キエフ攻撃。まさか21世紀のヨーロッパで他国に首都が攻撃されるとは、ほとんどの人が予想もしていなかったが、現実となってしまった。ロシアのプーチン大統領はリスクを無視して、なぜこれほどまでに強気なのか。その背景について、経済的な視点から歴史を研究する元国税調査官の大村大次郎氏が解説する。
※本稿は大村大次郎著『お金で読み解く世界のニュース』より一部抜粋・編集したものです。
なぜロシアはアメリカに強くものを言えるのか?
ヨーロッパには、EU、イギリスのほかにもう一つ世界経済に大きな影響を持つ大国がある。
ロシアである。
かつて東西冷戦のときには、ロシアはソビエト連邦として東側社会主義陣営の盟主だった。が、1990年前後に東ヨーロッパの社会主義国家群は次々に崩壊していった。盟主だったソビエト連邦も、連邦内の国々が次々と離れていき崩壊した。

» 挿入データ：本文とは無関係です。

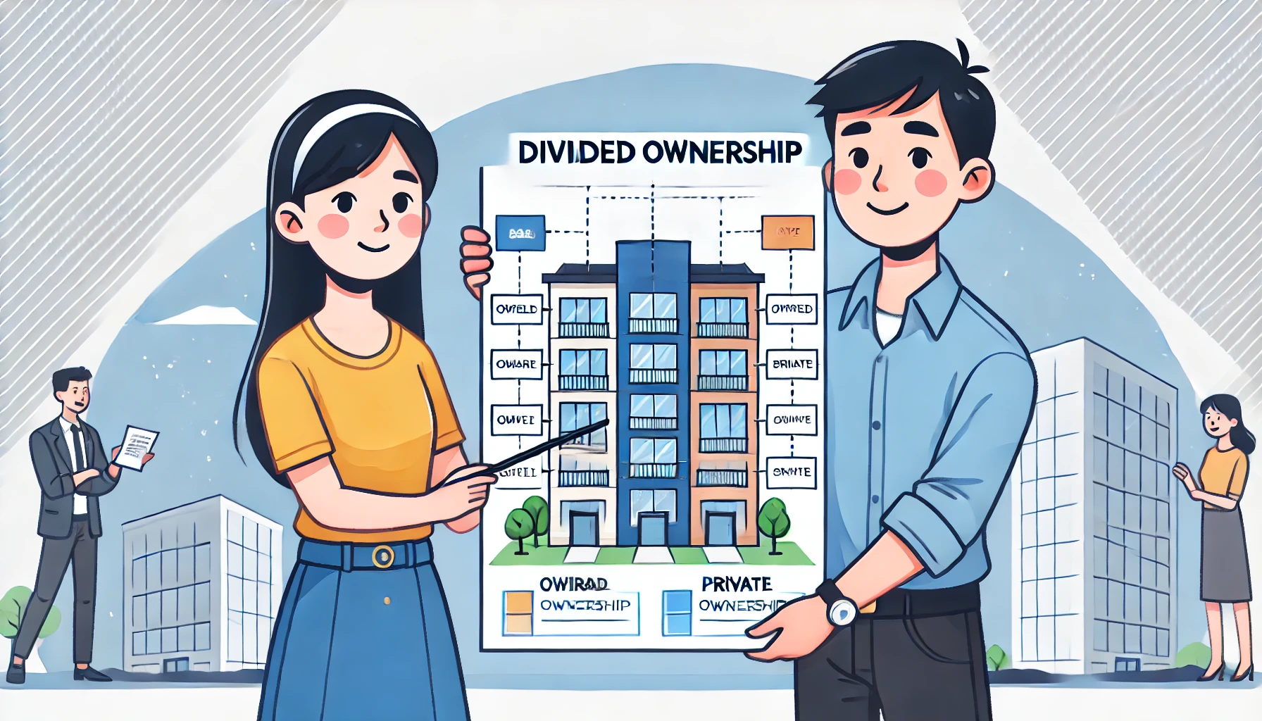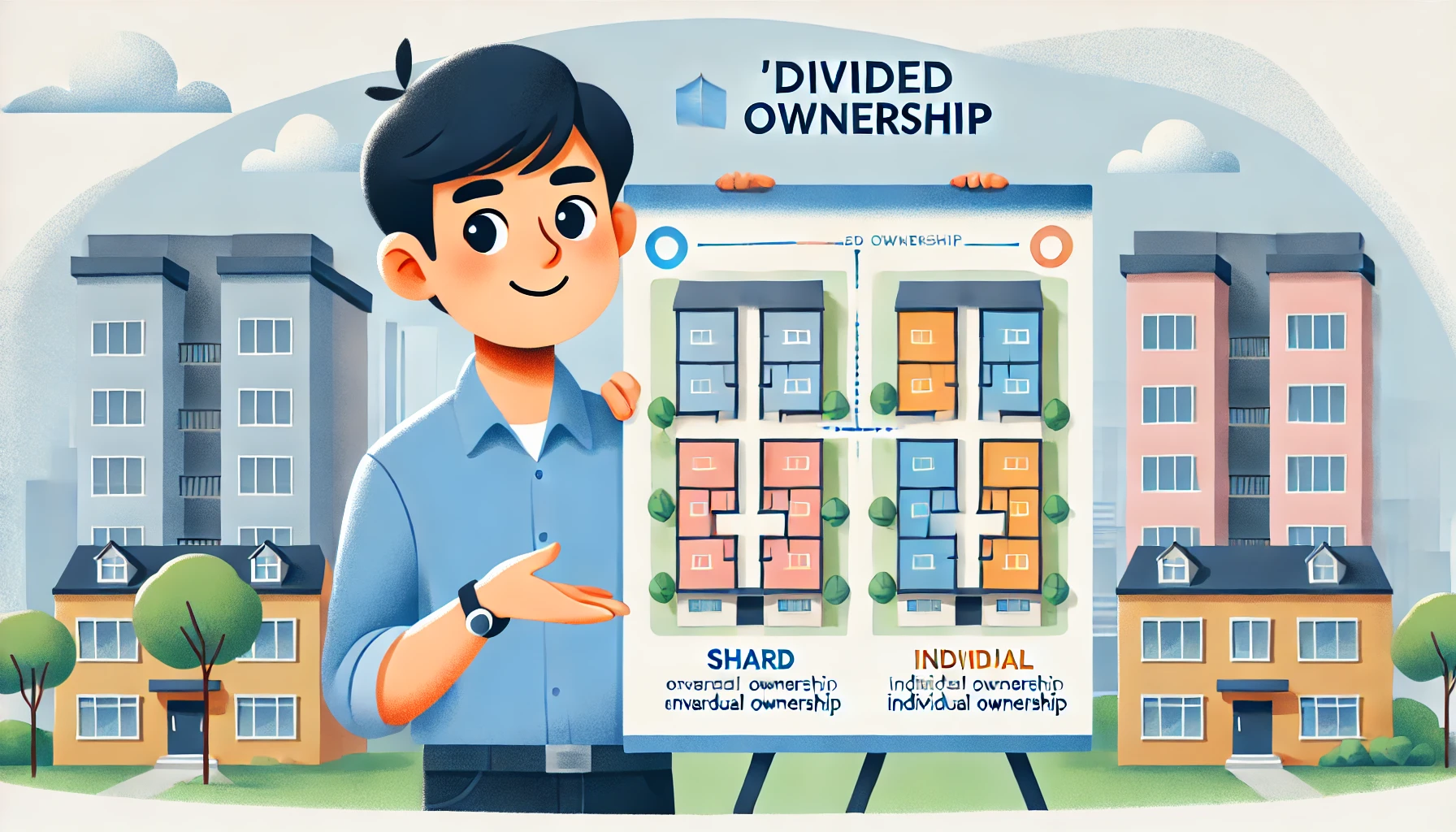 - 공유는 한 건물을 여러 사람이 공동으로 소유하여 건물 전체에 대한 지분을 가지는 방식입니다. 특정 부분이 독립적으로 소유자에게 속하지 않으며, 모든 소유자가 건물에 대한 지분을 나누어 갖습니다.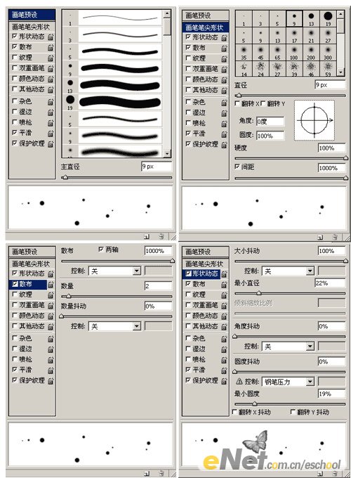 16.下面我们来制作一些星星。建立一新图层并用黑色填充再重命名为B Stars,设置图层混合模式为颜色减淡。之后选择画笔工具对其做一下设置在图中编辑出如下所示的星星。
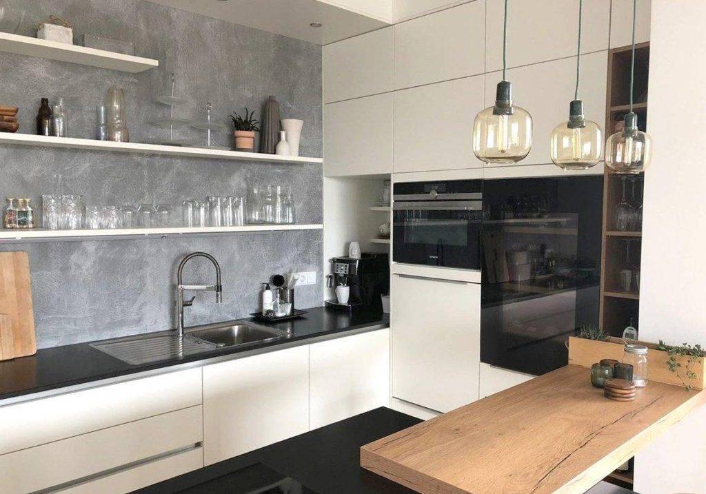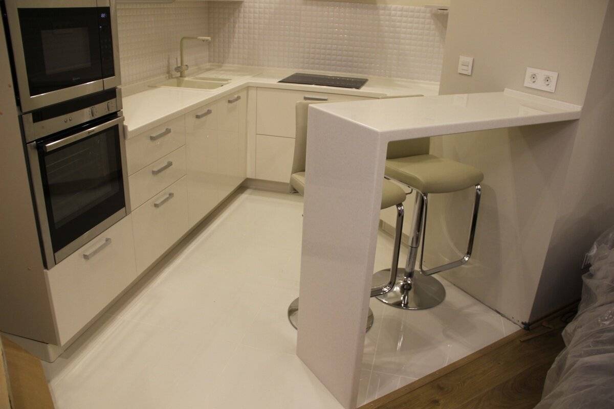 В этом случае вам понадобится современная кухонная мебель, которая позволит смонтировать столешницу, которая будет служить барной стойкой. Здесь стоит установить кухонную мебель по размеру, которая будет адаптирована к вашим потребностям и минимизирует занимаемое пространство.
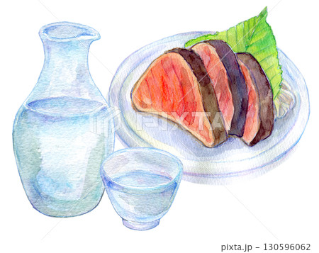 水彩イラスト 手描きイラスト 鰹のタタキと冷酒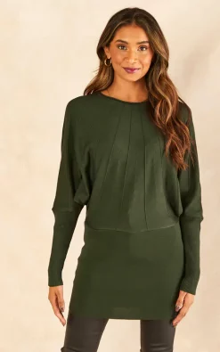 Don’t you love a top that you can look fashionable in at work, casually on a weekend, or on a fun evening out? So.Do.We! And that’s exactly why this bottle green ribbed batwing jumper with a round neckline, vertical lines and elasticated long sleeves is perfect for you. Take advantage of the ribbed design to tuck in this top into a pair of high waisted belted trousers for a professional look, or style with straight leg jeans and ankle strap sandals if you want to be more casual.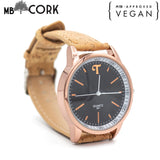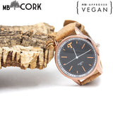An amazingly beautiful watch with a natural cork strap with a simple but yet classy design.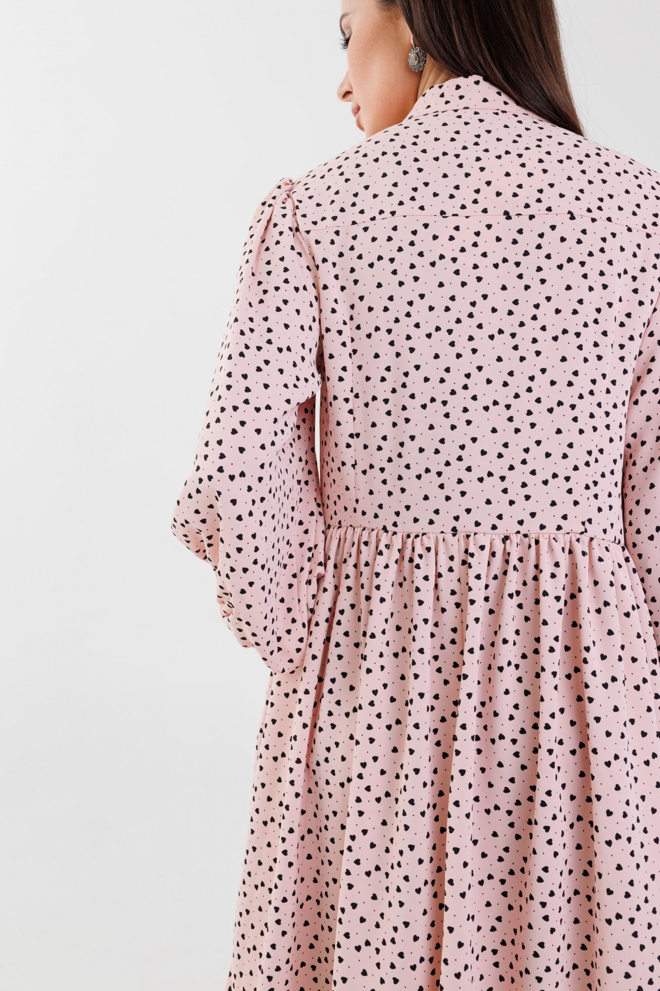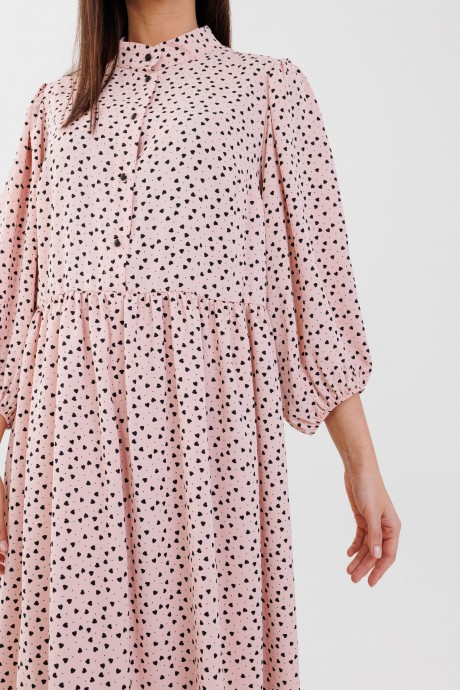 Платье женское, оверсайз силуэта, длина ниже колена по переду, спинка длиннее. Рукав втачной со сборкой по окату, низ на резинке, длина 3/4. Горловина обработана стойкой. По переду нагрудные вытачки и планка на петли пуговицы до линии талии. Платье отрезное по линии талии, юбка на сборке. Платье актуально, как для ежедневной носки, так и для романтических вечеров.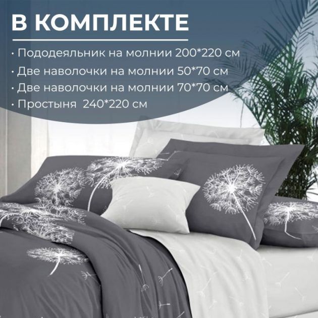 Комплектность: пододеяльник 1 шт., простыня 1 шт., наволочка 4 шт.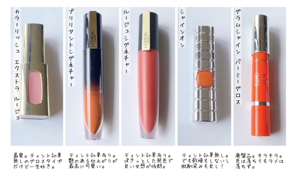 ロレアルパリのコスメティック部門が日本卒業という事で、手持ちのリップをまとめてみました。以下5種!*カラーリッシュエクストラルージュ*ブリリアントシグネチャー*ルージュシグネチャー*シャインオン*グラムシャインバーミーグロス使用期限が怖くても...

そのソビエト連邦の国土の大部分を引き継いだのが現在のロシア連邦である。
ロシアは、欧米主要国や日本よりはかなり経済規模が小さく、GDPでは現在世界第11位である。GDPで言えば韓国よりも低いのだ。
だから経済規模だけで見るならば、ロシアはそれほどの大国ではないといえる。
しかし、ロシアは現在も、世界の政治経済に大きな影響を与え続けている。国際問題などでもたびたびアメリカと衝突しており、アメリカに対抗できる数少ない国となっている。
なぜロシアは、経済規模は小さいのにアメリカに対抗できるのか?
それはロシアの軍事力が大きく関係していると言える。東西冷戦中、ソ連は、西側諸国に引けを取らない軍事力を保持しており、ロシアはそのソ連の軍事力を引き継いでいる。アメリカと互角の核兵器保有国でもある。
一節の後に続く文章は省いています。